In an industrial complex near Manila in the Philippines, a low-protein rice named Echigo is being produced for people with kidney diseases. The rice has a 10% lower protein content than regular rice.

The producer is Biotech Japan of Niigata Prefecture, whose CEO Kiyosada Egawa moved to the Philippines to oversee the project. "There are an increasing number of patients in Asia with kidney disease, who are required to limit their intake of protein. So the market for our product is expanding at a fast pace," he said. The company plans to export the product to Thailand and other countries.

"There is great demand in Southeast Asia, where medical environments are different from Japan and there is no low-protein rice available," said Egawa.

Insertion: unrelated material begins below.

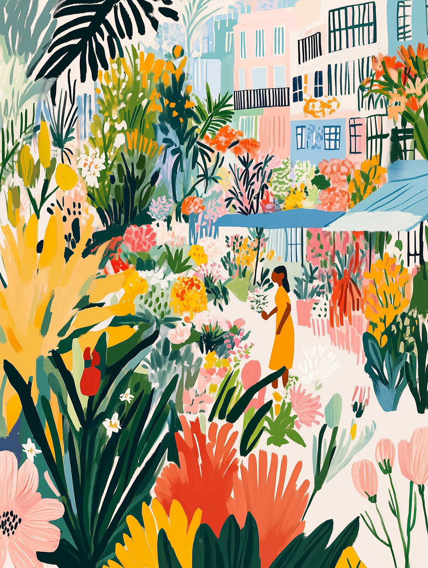 Colorful garden illustration with vibrant flowers, lush greenery, and a woman in an orange dress amidst abstract urban buildings.

Other Asians eat much more rice than Japanese. Starting this year, Yamagata-based rice wholesaler Ask and others will contract with Indian farmers to grow rice, betting that demand will increase due to diversified diets as Asians' living standards improve.

Yamazaki Rice in Saitama Prefecture, near Tokyo, is mulling a partnership with an agricultural corporation in China to start mass production in that country as early as this year.

"The rest of Asia has greater potential for sales of rice and rice-flour bread than in Japan, where rice consumption remains sluggish," said Ito.

Niigata-based Forica Foods plans to partner with a local company in Thailand this April to start production of low-protein rice. If the company has success with it overseas, it could be successful in Japan as well.

In August, Alpha Food, based in Shimane Prefecture, began market research in India to explore the possibility of entering the market with products inspired by the Indian stir-fried rice dish Biryani. The new rice products are made using dehydrated alpha rice technology. The project is supported by the Japan International Cooperation Agency.

Meanwhile, Kazuhito Yamashita, a research director at Japanese think tank Canon Institute for Global Studies, warned of the difficulties of overseas production. "Japanese rice tastes good because of the sharp differences in temperature between seasons. If Japanese rice is grown in a different environment, the quality could be bad, ultimately hurting the brand," he said.